The Gospel is the good news about Christ's perfect sacrifice and the resulting forgiveness of sins and reconciliation to God by grace. But there is a sense in which the new covenant emphasizes _all flesh_ (not individuals, but Jew and Gentile) being reconciled:



Colossians 1:26 said:


> the mystery which has been hidden from ages and from generations, but now has been revealed to His saints.27 To them God willed to make known what are the riches of the glory of this mystery among the Gentiles: which is Christ in you, the hope of glory.





Ephesians 3:3-6 said:


> how that by revelation He made known to me the mystery (as I have briefly written already,4 by which, when you read, you may understand my knowledge in the mystery of Christ),5 which in other ages was not made known to the sons of men, as it has now been revealed by the Spirit to His holy apostles and prophets:6 that the Gentiles should be fellow heirs, of the same body, and partakers of His promise in Christ through the gospel,8 To me this grace was given, that I should preach among the Gentiles the unsearchable riches of Christ,9 and to make all see what is the fellowship of the mystery, which from the beginning of the ages has been hidden in God who created all things through Jesus Christ;



So, the Gospel is the forgiveness of sins through the atonement of Christ, but it seems to also include the promises bless all nations in Christ (the fulfillment of the promises to Israel), and therefore the Gospel is the good news of reconciliation of all flesh in Christ:



Galatians 3:8 said:


> And the Scripture, foreseeing that God would justify the Gentiles by faith, preached the gospel to Abraham beforehand, saying, "In you all the nations shall be blessed."





Zechariah 2:10 said:


> "Sing and rejoice, O daughter of Zion! For behold, I am coming and I will dwell in your midst," says the LORD.11 "Many nations shall be joined to the LORD in that day, and they shall become My people. And I will dwell in your midst. Then you will know that the LORD of hosts has sent Me to you.





Isaiah 66:18-20 said:


> It shall be that I will gather all nations and tongues; and they shall come and see My glory.19 I will set a sign among them; and those among them who escape I will send to the nations: to the coastlands afar off who have not heard My fame nor seen My glory. And they shall declare My glory among the Gentiles.20 Then they shall bring all your brethren for an offering to the LORD out of all nations,


(God refers to the people of all nations and tongues whom he calls as Israel's brethren -- interesting)

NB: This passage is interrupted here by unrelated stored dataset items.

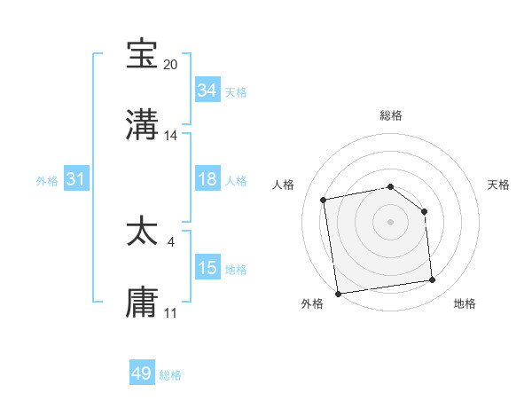 宝溝 太庸さんを姓名の画数から五運を鑑定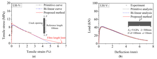 Similarly, both the primitive and bilinear softening curves suggested by Yoo et al. [33] were converted into the tensile σ-ε curve depending on a reference length of 100 mm. The comparisons of the predicted tensile σ-ε curves obtained from the proposed inverse analysis with the analysis of Yoo et al. [33] are presented in Figure 11. The maximum tensile strain 6.5% corresponding to the cracking opening of 6.5 mm in accordance with the fiber length limit is obtained from the proposed analysis method. Compared with the primitive analysis, the results derived from the bilinear analysis seem to slightly overestimate the experimental load–deflection in the descending branch, especially for UH-V2 and UH-V4. The stress–strain response obtained from the proposed method provides the best fit of the primitive softening curve for UH-V1, UH-V2, and UH-V3. A slight deviation between the proposed analysis and the primitive analysis result for UH-V4, as shown in Figure 11g, is mainly due to the intrinsic scatter of the experimental load–deflection responses at a high strength level and the low disperse degree of the fiber. The first cracking tensile strength with an approximate value of 10MPa is obtained by the proposed method for all specimens. This means that, due to effect of the fiber volume fraction, UH-V1 exhibits a strain-softening behavior while UH-V2, UH-V3, and UH-V4 exhibit a strain-hardening behavior. Therefore, the verification results indicate that the proposed method can be used for predicting the postcracking tensile behavior of UHPFRC.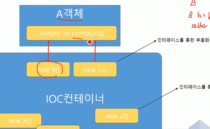 외부에서 new B()를 주입시키면 A의 b에 도킹됨.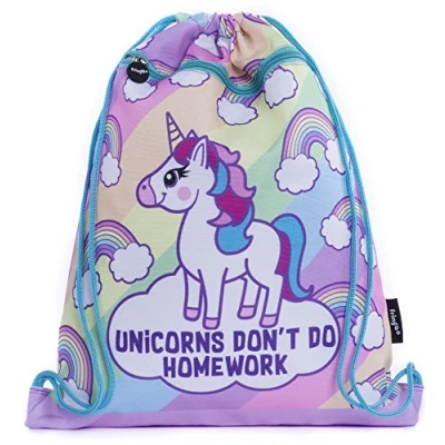KIDS AND TEENS DRAWSTRING BAG: Perfect for all purposes, this Fringoo drawstring bag is big enough to carry everything you could possibly need in the busy life of a young person. Whether kid, tween, or teen - whether swimming, sleeping overnight, or heading off to football or dance training, a large drawstring bag is what you need to show off your style in bright pastel colour. Available in a variety of cool designs, our range is designed with all kinds of kids in mind. UNICORN HOMEWORK DESIGN: This sassy slogan says it all! If you love unicorn accessories, and would rather go adventuring than do homework, you've found your perfect match in this bag. If you're looking for gifts for girls who love unicorns, this is the ultimate choice. Featuring large multicolour unicorn and mini rainbows on a rainbow stripe background, paired with a funny homework slogan. LARGE CAPACITY AND USE: Large enough to fit all of your holiday essentials or school supplies, this drawstring bag is big enough to fit your every need. The zipped front pocket works well for shoe storage, for use as a beach bag, gym bag, or kids swim bag. Adventurers of all shapes and sizes, this is a backpack that can fit your needs! The soft form material makes this bag perfect for carrying small or large amounts without bulkiness, and works especially well for days out and travel. DURABLE STRONG MATERIALS: Made from polyester that's tough and strong, soft to the touch, and super lightweight, this bag is perfect for young people who love to explore and play. The large capacity is big enough to hold everything kids need for day to day use, and the zipped front pocket provides security and extra space. Adjustable cord straps and drawcord closure are simple and safe for kids of all ages and provide easy, quick access for kids and parents on the go. DRAWSTRING BAGS IN ALL AESTHETICS: Whether you're unicorn obsessed, a dino-loving dude, or a wannabe superhero, there is something in this Fringoo range of drawstring bags for you. Created with kids, tweens, and teens in mind, we cater to all individual styles and personalities, offering kids the opportunity to express themselves through their accessories. Shop the full range of drawstring bags and find your perfect travel bag, swimming bag, overnight bag, and more!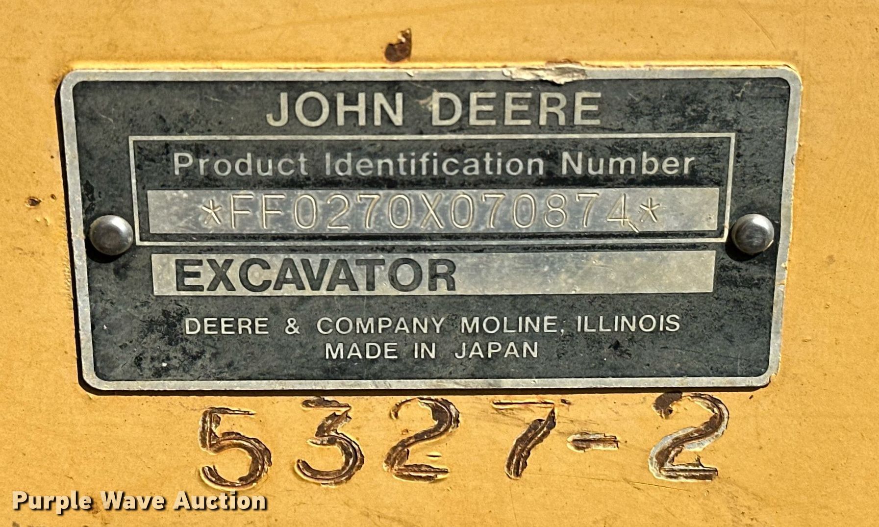 Purple Wave is selling a used Hydraulic Excavator in Oklahoma. This item is a 2001 John Deere 270LC excavator with the following: Hours: 9,321 on meter, Serial: FF0270X070874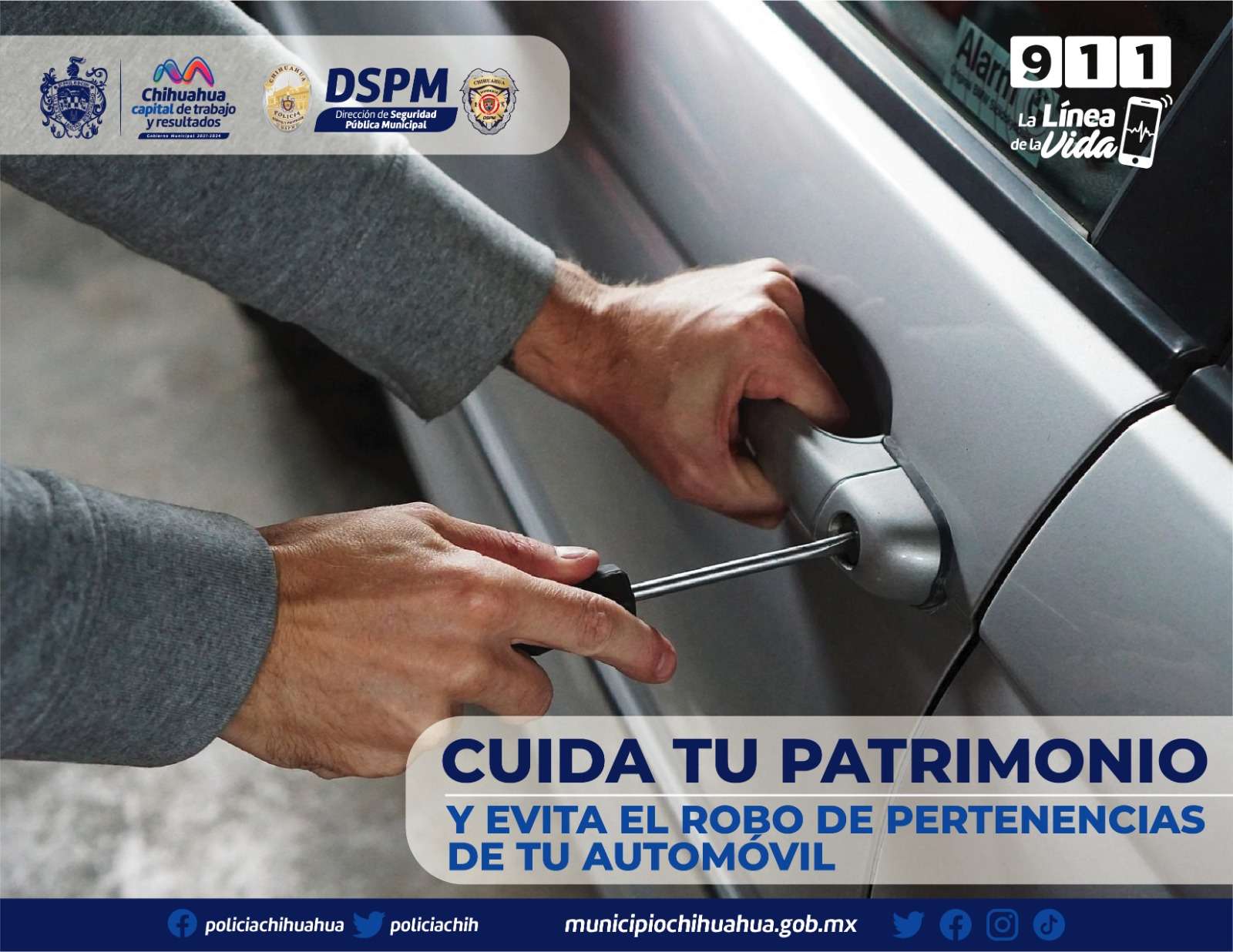 Chihuahua, Chih.- A fin de inhibir el robo de automóviles o de pertenencias del interior de estos, el Gobierno Municipal, a través de la Dirección de Seguridad Pública, emite recomendaciones para evitar que amantes de lo ajeno lleven a cabo estos delitos, pues a pesar de que se mantienen recorridos constantes de prevención y vigilancia por parte de la Policía Preventiva, es importante que cada persona tome medidas de autocuidado.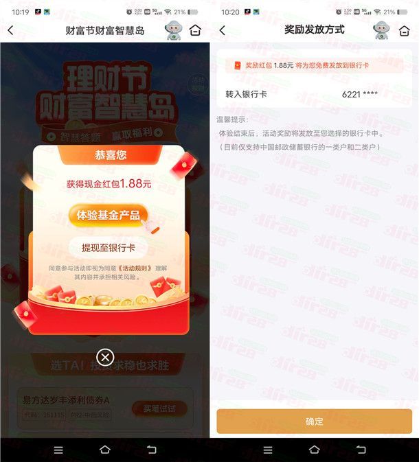邮储银行理财节答题领1.88元现金红包 可直接提现到银行卡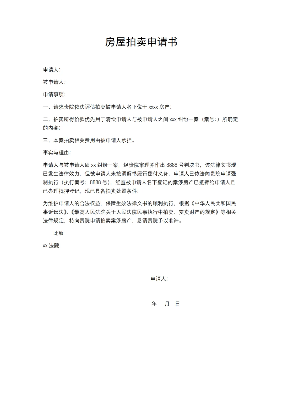 房屋拍卖申请书模板,WORD文档电子版,可免费下载打印

So, I know that's a lot of Scripture, and my question is difficult to articulate exactly, but what was the place of the Gospel in the OT? The Gospel that the Gentiles were to be ingrafted was a mystery in the OT, but they were still saved by grace through faith in the coming sin-bearer but can we say they preached and believed the Gospel? If not, what place did the Gospel have?


----------



## Skyler (Apr 30, 2009)




----------



## Matthew1034 (Apr 30, 2009)

Just for the record, I don't have a position one way or the other yet on this stuff -- but I do believe that OT saints were regenerated.


----------



## OPC'n (Apr 30, 2009)

Romans 9:24 even us whom he has called, not from the Jews only but also from the Gentiles? 25As indeed he says in Hosea,

"Those who were not my people I will call 'my people,'
and her who was not beloved I will call 'beloved.'"
26 "And in the very place where it was said to them, 'You are not my people,'
there they will be called 'sons of the living God.'"

27And Isaiah cries out concerning Israel: "Though the number of the sons of Israel be as the sand of the sea, only a remnant of them will be saved, 28for the Lord will carry out his sentence upon the earth fully and without delay." 29And as Isaiah predicted,

"If the Lord of hosts had not left us offspring,
we would have been like Sodom
and become like Gomorrah."

Hosea 1:9,109And the LORD said, "Call his name Not My People, for you are not my people, and I am not your God."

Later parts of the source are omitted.